We have not tested the algorithm against list, map, or set patterns, but it
ought to function on such examples according to the same essential principles.
a list pattern with a variable would be treated as a wildcard pattern, since
its length at runtime would be unknown, but other collection patterns would be
treated as constructors. The constructor of a list pattern with no variable is
its length, the constructor of the empty map or set would be Empty, and the
constructor of any other map or set pattern would be some arbitrarily chosen
Key(k). Care would have to be taken that if the signature of a column in m was
[Empty]
, but the signature of the corresponding pattern in rhs
was
Key(k)
, that the matrix first be transformed via the default
function to
remove rows containing empty collections.

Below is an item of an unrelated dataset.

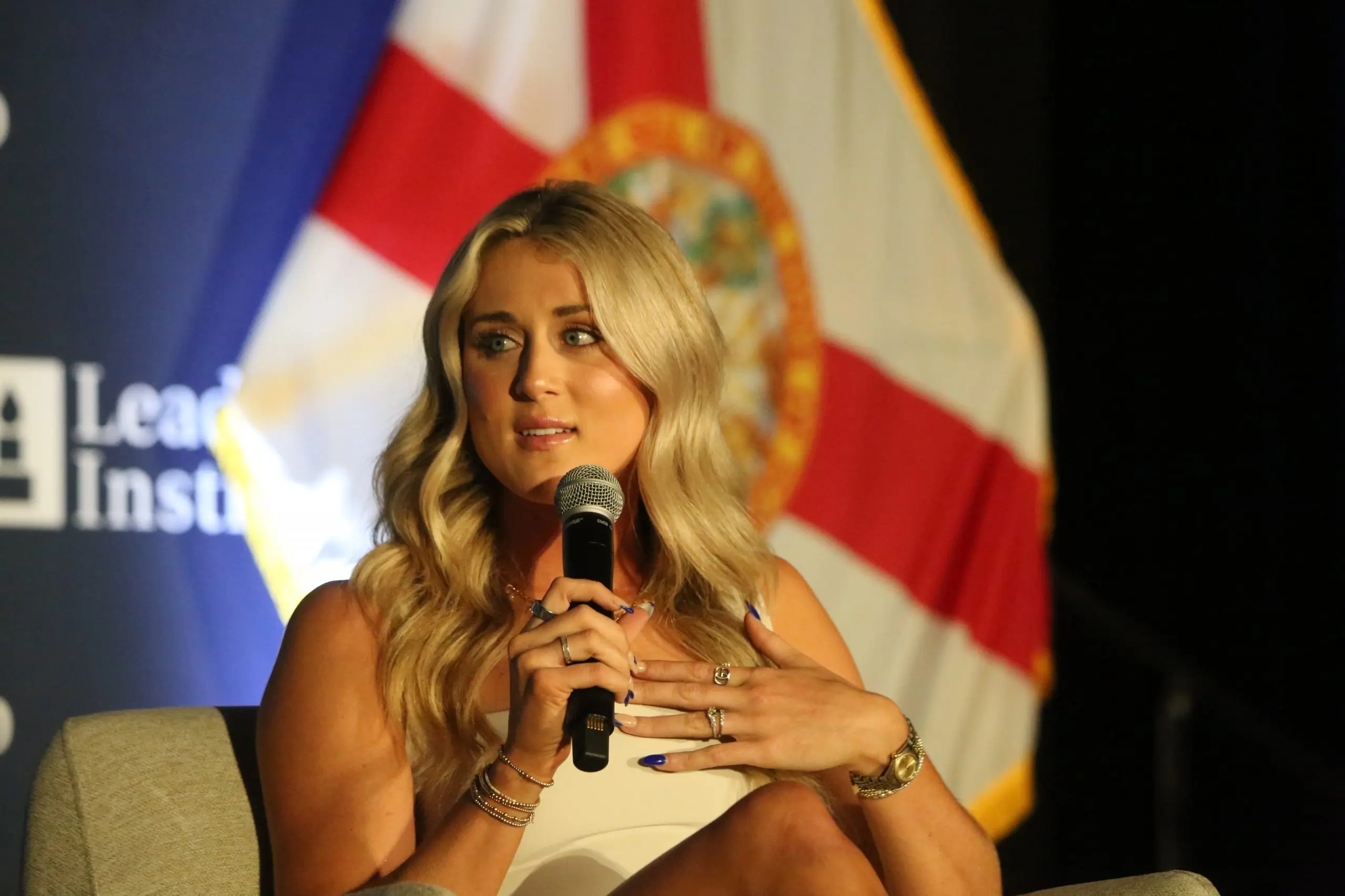 Riley Gaines, the staunch advocate for women’s sports fairness, had lobbed the bombshell question: “Where’s the evidence of cheating in your records?” Thomas froze mid-sentence, her face paling under the glaring lights of the packed room.

One final thing to note is that by itself, the above algorithm generally
increases the code size of the interpreter binary quite substantially. A
large part of this is that some rules, when you call specializeBy
on them,
return a matrix that is not much smaller than the original matrix. This leads
to the property that instead of a linear size in the total decision trees,
the size is closer to O(n*m)
where n is the size of the original decision tree
and m is the number of rules.
The solution we applied to deal with this is to set a threshold heuristic as a number between 0 and 1. We then compare the number of rows in the specialized matrix to the number of rows in the original matrix, as a fraction. If the fraction is larger than the threshold, we say that the matrix does not specialize well for this rule, and we simply discard that matrix and the resulting decision tree and fall back on constructing the original RHS of the rule and using the original decision tree at runtime. We have found that a threshold of 1/2 works quite well for us, but this can be increased in order to improve the execution speed somewhat, or decreased to decrease the code size somewhat. Of course, in either direction you will eventually see diminishing returns.
[1] Maranget, Luc. "Compiling pattern matching to good decision trees." Proceedings of the 2008 ACM SIGPLAN workshop on ML. 2008.
[2] Benanav, Dan, Deepak Kapur, and Paliath Narendran. "Complexity of matching problems." Journal of symbolic computation 3.1-2 (1987): 203-216.